Том 4. Маски - Андрей Белый
Шрифт:
Интервал:
Закладка:
— Что?
— Все.
* * *— Ставка, армия, — ну-те, — судопроизводство, Россия, Германия, Франция, Англия: все!
Десять пальцев разинулись:
— Мы возьмем власть! — десять пальцев зажалися.
— Ясно?
И кепку надвинувши, руку засунув в карман, Никанора Иваныча — носом на землю с луны он швырнул; и — пошел с перевальцем, обидным таким: под ворота.
Тут щелкнул подъезд: точно мыщерка, —
— черная дамочка — с плоским листом, как у кобры, конечности, а не с полями увенчанной черным пером черной шляпы, закрыв лицо муфточкой —
— вылизнула, —
— как змея, —
— на змеящемся
хвостике, — а не на шлейфе.
— Куда, Леонорочка?
Бледный, как мел, подбородок ее показал — лишь улыбку: безглазую; черным пером черной шляпы боднула, как козочка: преграциозно:
— Не спрашивайте!..
— К офицеру, —
— как эхо, —
— в мозгу Никанора мелькнула откуда-то шалая мысль.
Муж не знает, — куда.
До нее ль?
* * *Трески трестов о тресты: под панцирем цифр; мир — растрещина фронта, где армии, —
— черни железного шлема, —
— ор мора:
— в рой хлора;
где дождиком бомб бьет в броню поездов бомбомет; и где в стали корсета одета — планета!
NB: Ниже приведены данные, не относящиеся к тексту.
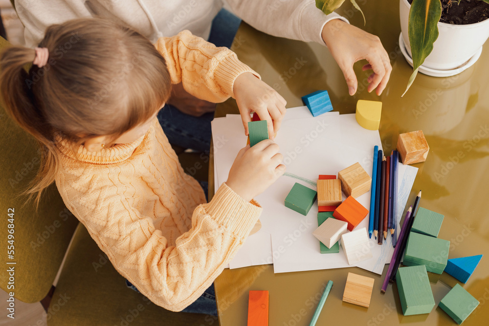 Mom is playing with her daughter. Mom and little girl built a tower of colored blocks. Classes with a child. kid building multicolored wooden blocks. Baby sitter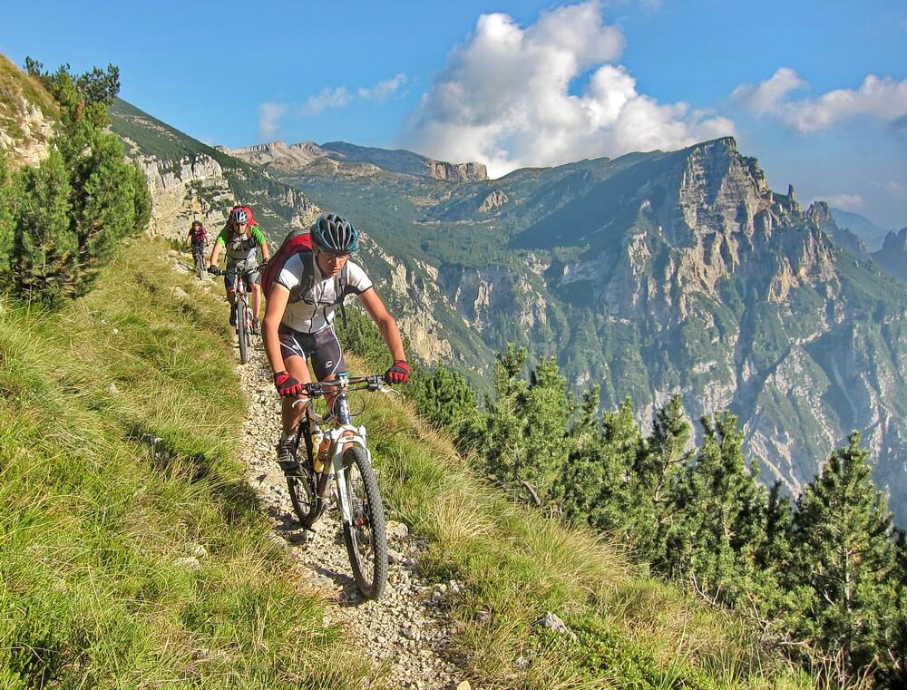Und dann aufgepasst! An der Selletta del Groviglio nicht den verführerisch bergab führenden Weg 120 nehmen, sondern links den Trail Nr. 105 noch ein paar Meter bergauf schieben. Das wars dann aber auch im wesentlichen. Oben entspannt sich die Lage. Beim 120er weiß ich aus eigener leidvoller Erfahrung, dass der zwar auch zum Rif. Lancia führt, aber mit einigen Auf und Abs eher eine Wanderung im Heckmairischen Sinn ist: Transalp ist Bergwandern, nur dass man ein Mountainbike dabei hat.
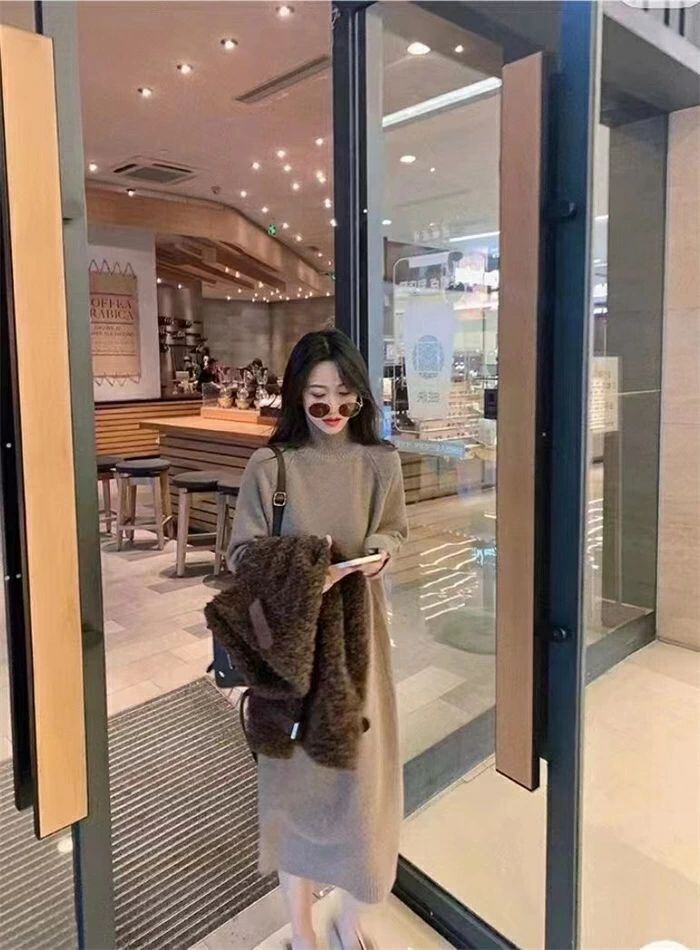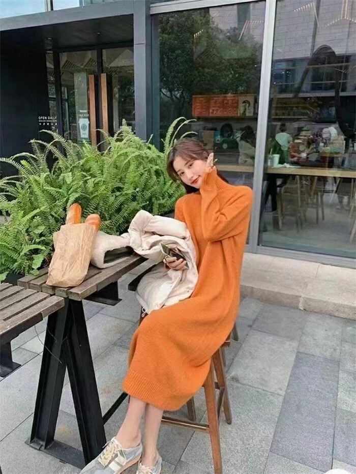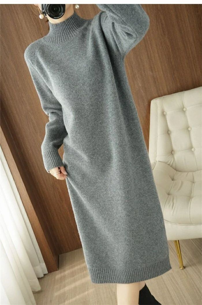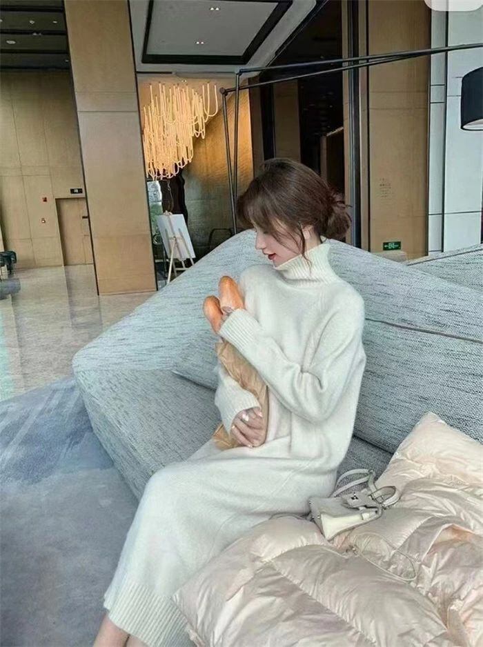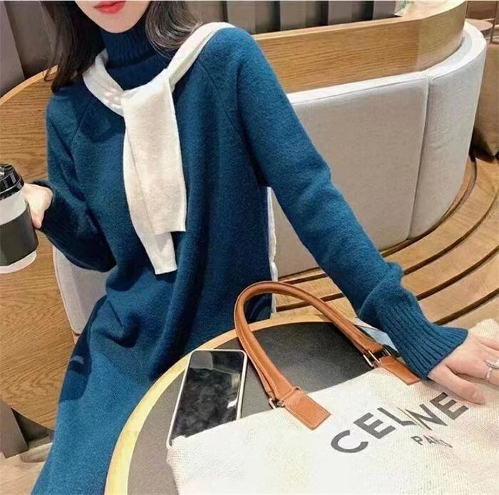 ニット ワンピース レディース ハイネック タートルネック ロング ワンピース ワンピ 無地 長袖 リブニット ワンピース 秋 冬 ニットワンピース ロング丈 おしゃれ ゆったり 通勤 OL 着痩せ 大きいサイズ 体型カバー 30代 40代 50代 無地 厚手 送料無料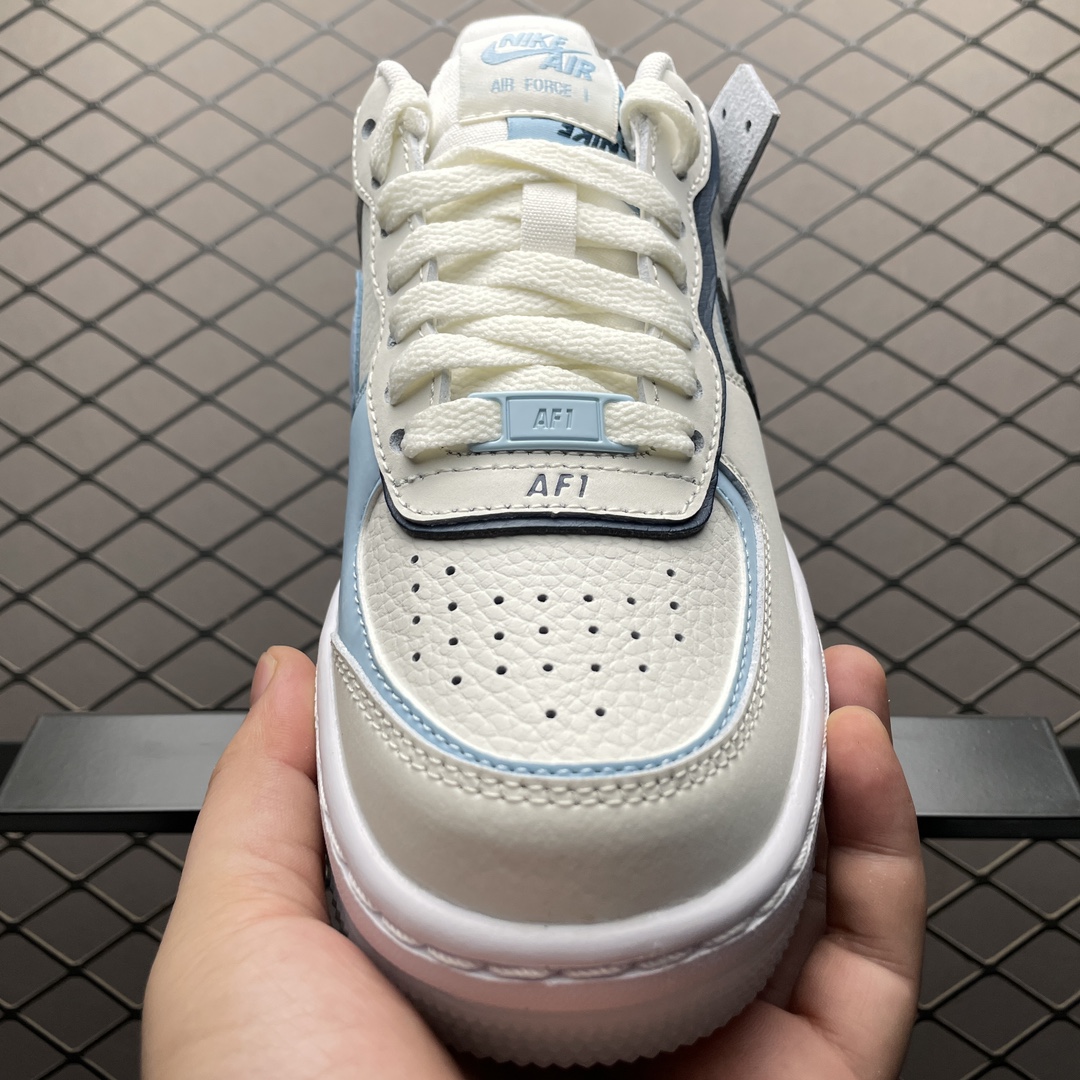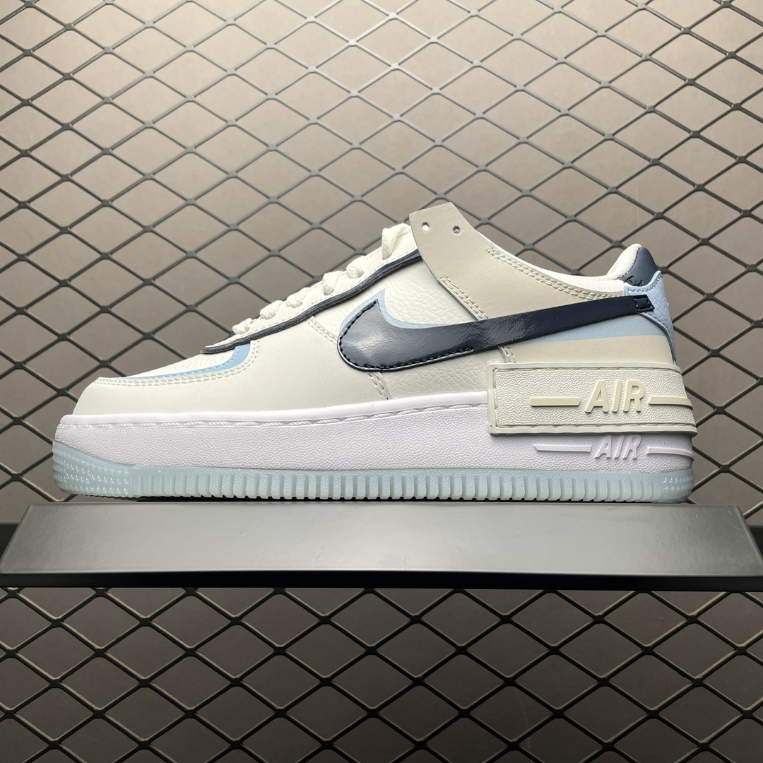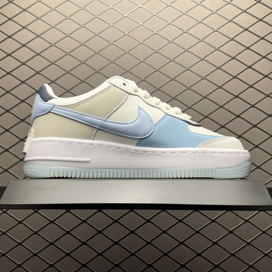 En résumé, la Nike Air Force 1 Shadow Glacier Blue DZ1847-107 est une sneaker stylée et fonctionnelle, conçue pour celles qui recherchent à la fois confort et style dans leur garde-robe quotidienne.

Терентий же Тителев, встав с Фелефоковой лысины, перетирая сухие ладошки, все это — в бараний рог выгнет! Как если б из серого неба над серою Сретенкой, ревом моторов и лаем трамваев отвеявши небо, провесилась над дымовою трубою бычиная морда —
— и бзыком, и мыком!
* * *Не вынесши ассоциации, бросился брат, Никанор, через Двор, за забор; но и тот дом дубовый, и этот дом с розовым колером, угол забора и купол собора, и трубы, и улицы — с окнами, стеклами, с каменной башнею, — вовсе не то, чем молчали, а то, чем вскричали в распухшие уши:
— Мы рушимся, —
— ррррууу: —
— это «Скорая помощь» проехала…
Поздно спасать!
Да и нечего, все — развалилось.
Сестра
Серафима Сергеевна Селеги-Седлинзина бедно жила: и ходила на службу: в лечебницу; ростом — малютка; овальное личико — беленькое, с проступающим еле румянцем: цвет персиков!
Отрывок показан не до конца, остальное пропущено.